Roger Bastide (1973) preocupou-se em conferir um estatuto social à possessão do Candomblé


em contraposição à idéia de que este fenômeno seria um momento de histeria. Para que o
fenômeno ocorra, é necessário obedecer a uma seqüência de atos ritualizados que levará uma
determinada pessoa ao transe. No entanto, nem todos podem ser incorporados por uma
entidade; isto só é possível àqueles que foram iniciados nos mistérios da religião. Todo o
processo de iniciação requer um tempo de educação religiosa que possibilita a pessoa tornar-
se um “cavalo” dos santos. Quando alguém “faz a cabeça” para um santo, é necessário
obedecer a vários procedimentos que garantam sua iniciação, entre os quais, a raspagem da
cabeça, que tem por finalidade criar uma “abertura” para ocorrer a incorporação.

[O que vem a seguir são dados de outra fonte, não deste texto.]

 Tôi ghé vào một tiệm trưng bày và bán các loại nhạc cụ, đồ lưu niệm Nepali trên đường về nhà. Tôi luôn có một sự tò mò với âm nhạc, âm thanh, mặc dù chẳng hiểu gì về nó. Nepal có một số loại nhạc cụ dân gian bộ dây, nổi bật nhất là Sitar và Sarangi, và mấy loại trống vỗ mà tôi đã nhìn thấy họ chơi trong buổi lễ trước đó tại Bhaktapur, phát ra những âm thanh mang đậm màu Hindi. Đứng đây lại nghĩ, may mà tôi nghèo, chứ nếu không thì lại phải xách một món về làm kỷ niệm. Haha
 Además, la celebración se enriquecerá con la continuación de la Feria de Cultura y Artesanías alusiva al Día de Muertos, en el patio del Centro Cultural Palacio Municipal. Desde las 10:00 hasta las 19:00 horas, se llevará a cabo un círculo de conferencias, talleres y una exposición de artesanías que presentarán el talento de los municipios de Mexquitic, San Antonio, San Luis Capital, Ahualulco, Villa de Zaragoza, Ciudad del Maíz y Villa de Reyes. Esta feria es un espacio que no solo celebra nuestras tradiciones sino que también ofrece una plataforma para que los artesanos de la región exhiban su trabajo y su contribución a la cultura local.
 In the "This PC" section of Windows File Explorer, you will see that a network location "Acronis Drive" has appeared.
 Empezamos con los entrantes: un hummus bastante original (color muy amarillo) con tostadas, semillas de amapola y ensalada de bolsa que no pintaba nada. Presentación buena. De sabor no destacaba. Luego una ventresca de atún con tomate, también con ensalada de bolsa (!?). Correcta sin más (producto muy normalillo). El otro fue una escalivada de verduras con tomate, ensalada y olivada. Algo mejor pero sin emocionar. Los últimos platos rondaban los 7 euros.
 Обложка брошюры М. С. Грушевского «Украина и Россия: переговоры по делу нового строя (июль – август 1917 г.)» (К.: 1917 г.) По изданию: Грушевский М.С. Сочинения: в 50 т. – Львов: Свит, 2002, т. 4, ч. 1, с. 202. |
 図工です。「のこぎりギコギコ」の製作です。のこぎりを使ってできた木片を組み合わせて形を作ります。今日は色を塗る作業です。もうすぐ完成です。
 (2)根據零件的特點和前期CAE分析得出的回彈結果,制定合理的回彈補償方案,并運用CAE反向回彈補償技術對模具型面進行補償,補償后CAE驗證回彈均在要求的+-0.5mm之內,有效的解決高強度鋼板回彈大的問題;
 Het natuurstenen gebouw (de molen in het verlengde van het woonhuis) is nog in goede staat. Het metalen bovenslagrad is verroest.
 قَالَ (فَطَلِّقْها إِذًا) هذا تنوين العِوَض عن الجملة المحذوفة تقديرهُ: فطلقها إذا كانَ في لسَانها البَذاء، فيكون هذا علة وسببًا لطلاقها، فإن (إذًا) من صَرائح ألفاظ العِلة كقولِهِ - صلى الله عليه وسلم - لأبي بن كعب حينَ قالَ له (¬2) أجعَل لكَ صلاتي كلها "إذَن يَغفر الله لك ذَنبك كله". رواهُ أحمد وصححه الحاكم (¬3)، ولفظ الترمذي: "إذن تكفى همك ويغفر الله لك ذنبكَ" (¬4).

Na verdade, existe um ensinamento religioso que, por meio de uma série de rituais, torna
alguém apto ao exercício da função específica de “receber o santo”. A maneira como o santo
escolheu a pessoa e os procedimentos para a “feitura da cabeça”, embora se apresente como
“mistérios da fé”, são socialmente compartilhados. Assim como há um roteiro sagrado para
fazer a cabeça”, no recebimento da divindade há uma seqüência lógica e necessária da qual
toda comunidade participa.

“(...) em primeiro lugar a preparação para a festa; o ‘cavalo’ deve estar ‘limpo’, isto é, deve ter
obedecido às diversas prescrições e tabus de seu Deus, abstendo-se de

5relações sexuais; seu corpo é o templo em que poderá descer o orixá. Em segundo lugar, o
apelo aos deuses. Ao martelar surdo dos tambores, atravessados pelo tilintar agudo do agogô,
os fiéis cantam os cânticos dos orixás, três cânticos para cada um deles, numa ordem
determinada, enquanto os membros da confraria, homens e mulheres (...) dançam os passos
apropriados a cada um dos diversos cânticos. No decorrer destes cantos e destas danças, na
noite musical da Bahia ou do Recife, um ser bruscamente se agita, as espáduas sacudidas de
tremores convulsivos, o corpo fremente, às vezes caindo por terra. O Deus montou no seu
‘cavalo’” (Bastide, 1973:299).

Bastide ainda continua sua bela narração introduzindo outros atores e suas respectivas
funções no transcorrer do ritual da “descida do santo”. Por fim, é narrado o momento em que
o santo abandona o “cavalo” e vai embora. Naquele instante, o batucar dos tambores e a
realização de alguns cânticos ocorre de forma inversa àquela que inicialmente chamou os
orixás. A isto Bastide denominou “lei da inversão mágica”, em virtude de mandar os deuses
embora e marcar a saída do ritual.

A possessão, como qualquer ritual, tem as suas etapas socialmente decodificadas. Existe uma
ordem temporal que deve ser obedecida para que o transe ocorra. Os santos só se incorporam
quando são executados uma batida e cânticos específicos, pois sua presença necessita ser
invocada. E não é qualquer santo que “desce”. Existe uma relação precisa entre eles, a batida e
os cânticos na produção da possessão. Além disso, o próprio “cavalo” somente recebe o santo
para o qual a sua cabeça foi destinada. Não existe nada de aleatório, despropositado ou
histérico na possessão. Uma vez incorporado, o “cavalo” fará exatamente os mesmos
movimentos, a mesma dança representando o mito correspondente.